In today’s competitive business landscape, growth is no longer just about hard work and intuition—it’s about making smarter decisions driven by insights from data. The advent of advanced analytics and machine learning (ML) has revolutionized how businesses understand their markets, optimize operations, and delight customers. Yet, the journey from raw data to actionable insights can be daunting, especially for organizations new to these transformative technologies. Advanced Analytics and Machine Learning for Business Growth: A Practical Guide is designed to demystify the complex world of analytics and machine learning, providing business leaders, analysts, and data enthusiasts with a clear and actionable roadmap to drive tangible results. This book bridges the gap between the technical depth of data science and the practical demands of business strategy, empowering readers to unlock the full potential of their data. Inside, you’ll discover: • The foundational principles of advanced analytics and machine learning in business contexts. • Practical applications for solving real-world challenges such as customer segmentation, churn prediction, and demand forecasting. • Step-by-step guides for implementing machine learning models, from data preparation to deployment. • Tools, platforms, and frameworks that accelerate analytics workflows. • Insights into navigating challenges like data quality, organizational buy-in, and ethical AI practices. This book is intentionally practical. Instead of overwhelming you with complex theories and algorithms, it focuses on actionable strategies that you can implement immediately, whether you’re working in retail, finance, healthcare, manufacturing, or any other industry. As you turn the pages, you’ll discover how advanced analytics and machine learning can transform your business—from identifying hidden opportunities to solving critical challenges. More importantly, you’ll gain the confidence to lead data-driven initiatives that foster growth, resilience, and competitive advantage. The future belongs to businesses that can adapt and innovate. With this book as your guide, you’re equipped to harness the power of advanced analytics and machine learning to fuel your organization’s growth and success. Welcome to the journey of transforming your business with data. Let’s build the future, one insight at a time. Authors
Python Power A Practical Guide To Programming Through Hands On Projects
DOWNLOAD
Author : Jefferey Rangel
language : en
Publisher: Lena Whitmore
Release Date : 2025-04-04
Python Power A Practical Guide To Programming Through Hands On Projects written by Jefferey Rangel and has been published by Lena Whitmore this book supported file pdf, txt, epub, kindle and other format this book has been release on 2025-04-04 with Computers categories.
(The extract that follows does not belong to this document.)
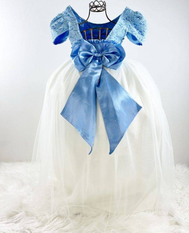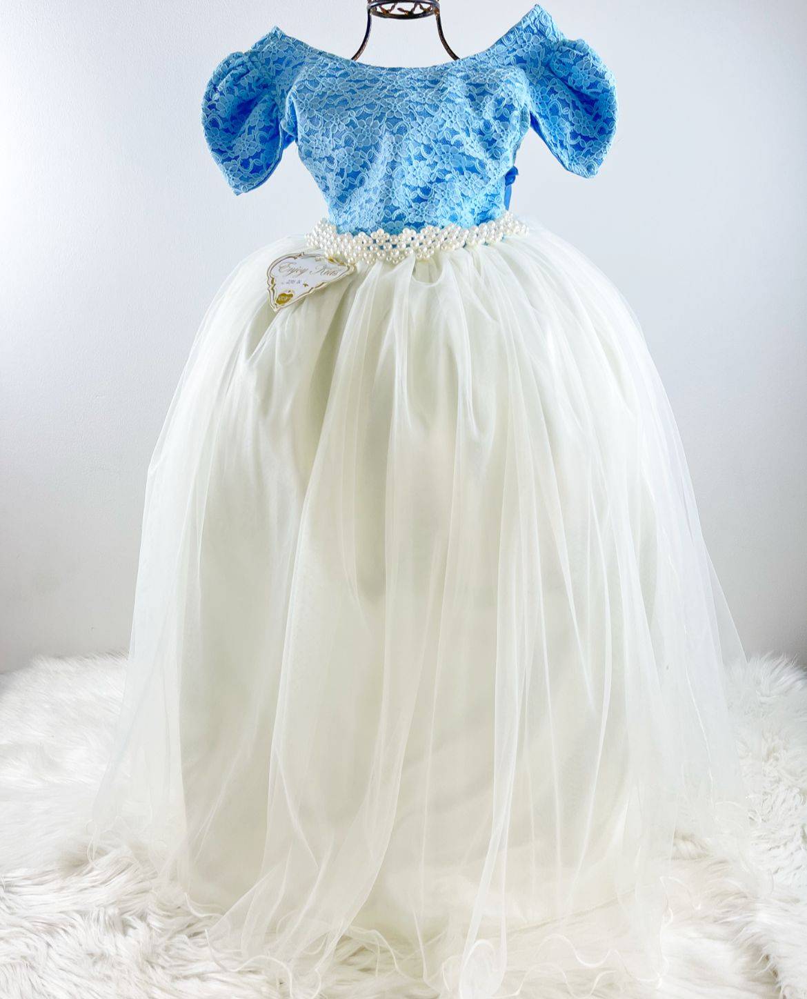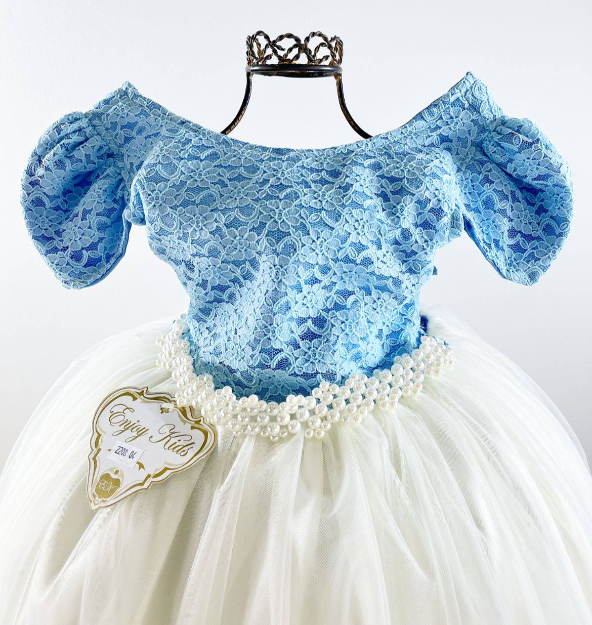 Vestido manga curta infantil festa, cetim com renda, Cintura com cintinho de pérolas sintéticas, saia lisa off white tule, com. Elástico nas costas ajustável ao corpo e laço.

Are you ready to unlock the power of Python? This book is your comprehensive guide to mastering this versatile programming language, from beginner to confident coder. Dive into the fundamentals of Python, learning essential concepts like variables, data types, operators, and control flow. You'll build a strong foundation by working through clear explanations and interactive code examples. The focus is on practical application, so you'll learn by doing, tackling real-world projects that will solidify your understanding. This book caters to anyone eager to learn Python, whether you're a complete novice or have some prior coding experience. No matter your background, you'll find the clear and concise instructions, engaging examples, and hands-on projects perfectly tailored to your learning style. This book is more than just theory; it's your launchpad for coding success. You'll learn to write clean and efficient code, solve problems creatively, and build impressive projects. With each project, your confidence and programming skills will grow. Invest in this book and unlock your potential in the world of Python programming.